TikTok Dancing Gets Laurel Road Effort Off on Good Foot

To launch the nurse banking program Laurel Road took advantage of a pandemic-era trend: nurses filming dancing videos on TikTok.

Walsh-Epstein says the company hired Kala Baker, a nurse influencer known for her TikTok dances, to help convince nurses to upload their own dance videos with the hashtag #LaurelRoad4Nurses. A large cash prize helped encourage entries and resulted in over 7 billion views. The publicity and the contest resulted in 7,000 signups for the Laurel Road for Nurses waitlist. (Walsh-Epstein notes that the 7 billion figure does not reflect unique views.)
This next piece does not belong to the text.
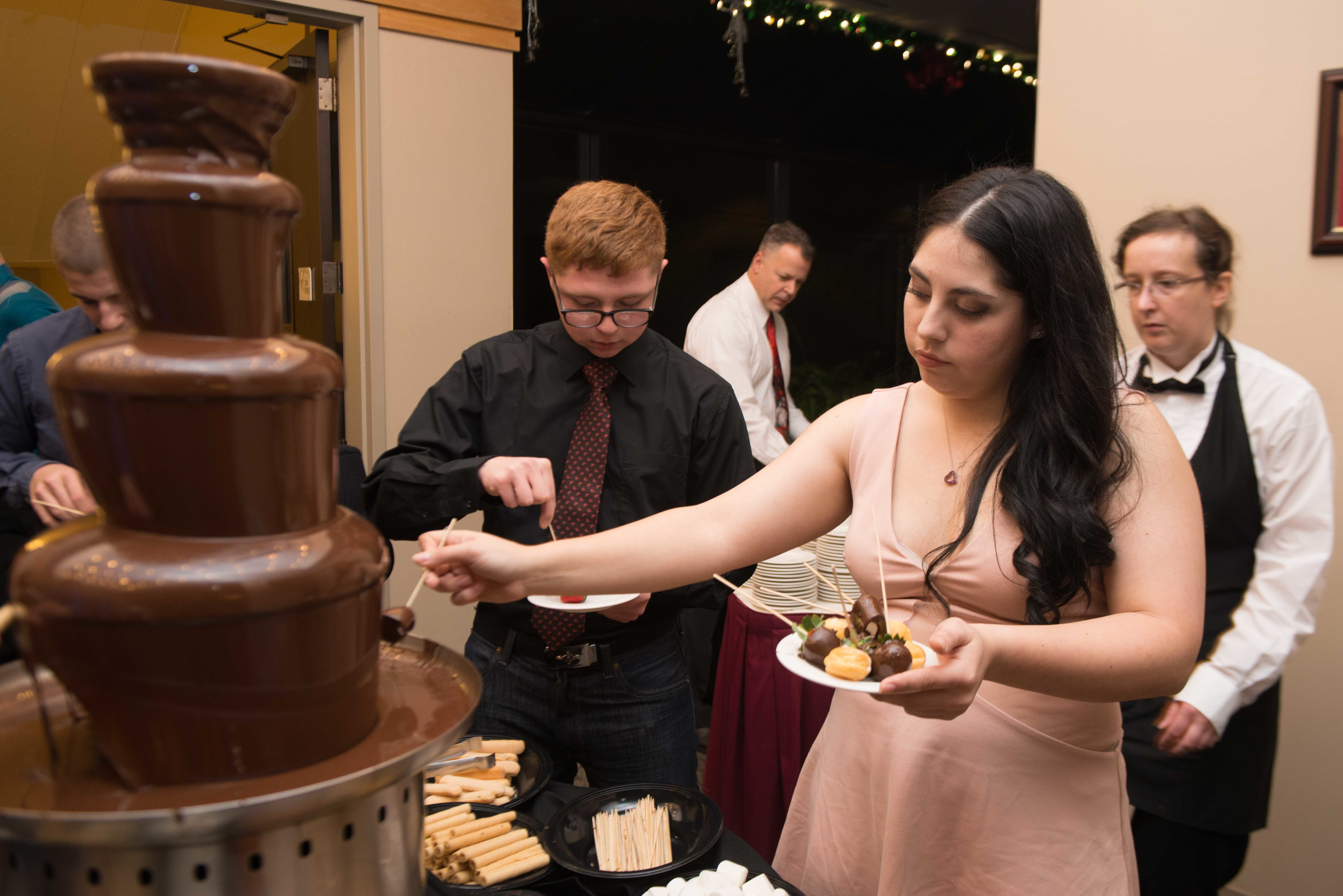 151210-N-DA737-021 SILVERDALE, Wash. (Dec. 10, 2015) - Aviation Ordnanceman Airman Recruit Christy Gesell, from Las Vegas, dips a marshmallow into a chocolate fountain during USS John C. Stennis' (CVN 74) command holiday party. Stennis' crew is currently in port training for future deployments. (U.S. Navy photo by Mass Communication Specialist 3rd Class Jonathan Jiang / Released) Unit: USS John C. Stennis (CVN 74)

One of the ongoing points of Laurel Road’s outreach to nurses will be affiliations with industry membership groups. In terms of media, the company is producing an ongoing series of content marketing pieces dealing with financial literacy subjects tailored for nurses. Users can navigate through the educational resources based on their nursing specialty and degree of training and education. For example, a detailed article on, “How to Budget as a Nurse,” gets into nitty-gritty issues and includes a built in budget calculator.

“We think that a big part of your financial journey is the education component, understanding your finances in light of factors that are unique to your profession,” says Walsh-Epstein. She says most content is handled in-house but that it is frequently based on interviews with doctors and nurses with experience in the subjects.